The High Court considered that the Full Court’s broad-brush transactional approach was not supported by authority.

Atkins & Hunt [2016] FamCAFC 230 is another significant spouse maintenance case. The Full Court on this occasion was Bryant, May and Murphy JJ, with the principal judgment being written by Murphy J.

Leave was granted to the wife to file a further Amended Notice of Appeal. She was granted leave to appeal. Her appeal was allowed. Orders 1, 2 and 3 of the orders of 21 August 2015 were set aside.

The wife was also ordered to file and serve any Amended Initiating Application within 21 days of the date of the orders.

On 14 July 2015, the wife filed an Initiating Application.

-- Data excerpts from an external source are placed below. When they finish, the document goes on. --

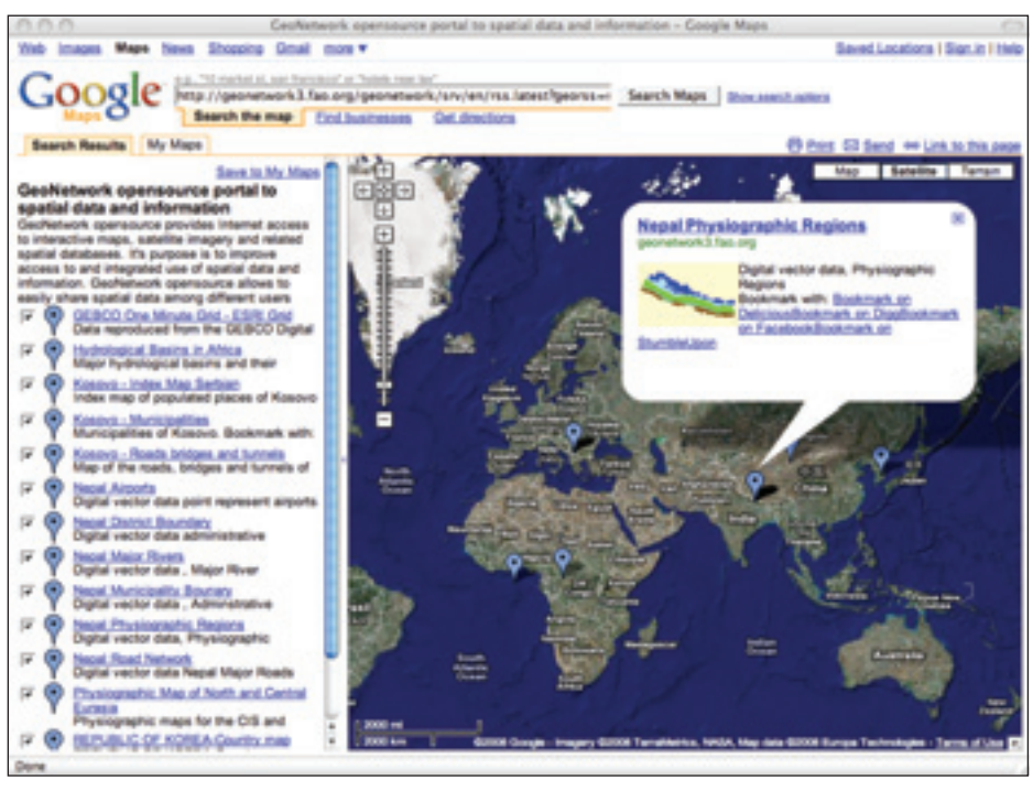
FIGURE 5: GeoRSS output on Google

Dublin Core: dublincore.org/ FAO GeoNetwork: www.fao.org/geonetwork FGDC: www.fgdc.gov/ GeoNetwork opensource: geonetwork-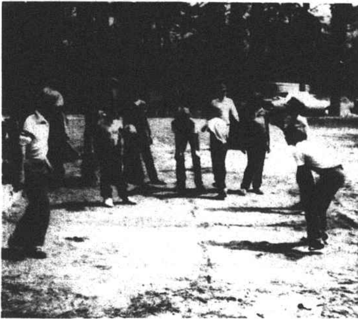
Scouts participating in an activity.

Thirty-five Boy Scouts of Troop 404 participated Saturday in the Third Western District Scout-O-Rama at Laurinburg High School. After participating in various activities, they left for Lake Alice for a Father-Son Overnight Camping Trip. The troop was joined by 19 fathers who prepared meals including hamburgers, pork chops, steak, venison, sweet-and-sour pork, and hot dogs.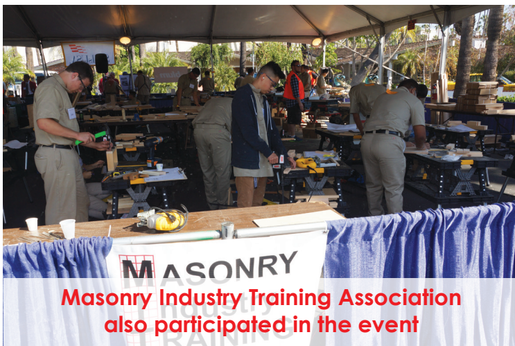
Masonry Industry Training Association also participated in the event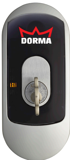
PK4 EXIT Mode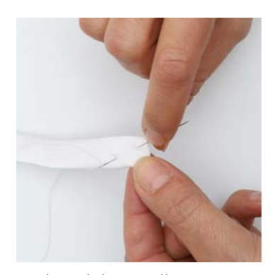
1. Thread the needle. Sew one long stitch. Pierce the fabric where you wish to place the first bead.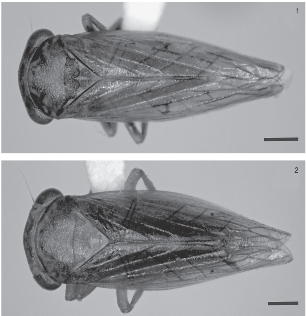
Figs. 1-2. Rhytidodus decimusquartus (Schrank). 1, male; 2, female. Scale: 1mm.

Subgenital plate (Fig. 10) elongated, narrow, lightly curved to half apex, expanded apically, extending beyond the pygofer, fine and short setae on the disc, very long and thin numerous setae, irregularly arranged forming a tuft at the apex rounded. Style (Fig. 8) narrow throughout its length, basal part strongly sclerotized, apophysis abruptly curved posteroventrally, apical third with microsetae on the outer margin, row of finer subapical macrosetae along inner margin, from start curved until apex, microsetae disperse on the disc, rounded denticles on the dorsal margin until third apical, apex with one sclerotized and curved spine (Fig. 9). Connective (Fig. 7)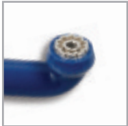
CoolCut 90 AR-9803A-90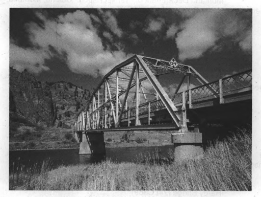
Photograph 0002. Hardy Bridge. North profile and west portal. View to the east.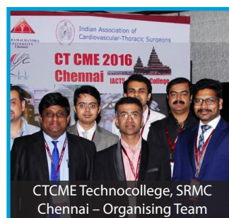
CTCME Technocollege, SRMC Chennai – Organising Team

The CTCME 2016 was held at the Harvard Auditorium, Sri Ramachandra Medical University, Chennai on 20 & 21 August, 2016. The CME was very program specific, well synchronised and had all the major topics and trending techniques presented by the best of the experts in the field of cardiothoracic surgery. There were special sessions to address the basic concepts in cardiothoracic surgery including clinical case discussions and the surgical video presentation. The conference surely has increased the competitive and professional advantage of the young experts in the field. We had 135 post graduates and 55 delegates who actively participated in the CME.

Orders for interim and final spousal maintenance were sought.  That would of itself require a variation of a spousal maintenance order made by Aldridge J on 4 December 2014 after a trial of property and spousal maintenance issues.

That application was filed when an appeal against Aldridge’s orders were pending and after he had refused her application for a stay of his orders.

At the hearing on 21 August 2015, McClelland J indicated that the court’s jurisdiction to make the Orders sought by her was a big issue.

The husband had raised the issue in his Outline of Argument filed ahead of that hearing.

The wife then argued in her Outline of Argument dated the day before the hearing that if her contention for relief pursuant to section 83 of the Act was rejected, leave should be granted to amend so as to permit her to seek an order for maintenance pursuant to section 74 of the Act.  An application for that leave was made orally before His Honour.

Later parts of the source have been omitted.